Part of being human is to be insecure, to be aware of our need and, in light of the cultural preference for strength, power, and independence, to be embarrassed by our need. For this reason, Paul, following Jesus, reminds us that to be broken isn’t something to be ashamed of. Rather, to be broken is, in fact, to be human. And to be human is to be loved by God and drawn together into relationship with all the others that God loves. Which means that our gatherings on Sundays are local gatherings of the broken and loved, of those who are hurting but also healing, of those who are lost but have also been found, of those that know their need and seek not simply to have those needs met but have realizeed that in helping meet the needs of others their own are met in turn.

Can we look at this passage this way, Dear Partner, not so much as instructions about divorce but instead as an invitation to see our communities as those places where God’s work to heal and restore the whole creation is ongoing, not by taking away all our problems but surrounding us with people who understand, and care, and help us to discover together our potential to reach out to others in love and compassion? Can we, that is, tell our people that we are communities of the broken, but we are those broken whom God loves and is healing and, indeed, using to make all things new?

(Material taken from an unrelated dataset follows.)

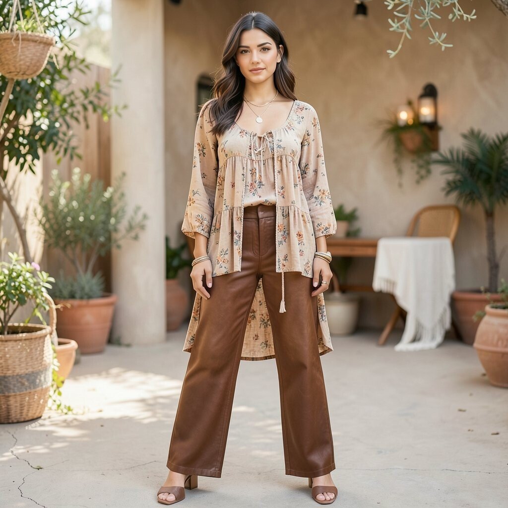 Embrace your bohemian side by pairing leather pants with a flowy tunic. This look is relaxed and perfect for festival-goers or a laid-back day out. The tunic adds movement and contrast to the structured pants.

We are, in short, communities of the broken and blessed. And that can be a hard message to hear because it runs contrary to conventional wisdom about strength and security. But it can also be life-giving, not only to those who know themselves to be broken and wonder if this is a place to them, but also to those of us in denial, seeking relentlessly to make it on our own, even if it kills us. Your words this week, Dear Partner, may just help folks discover God’s life-giving grace, love, and mercy. Thanks so much for offering them.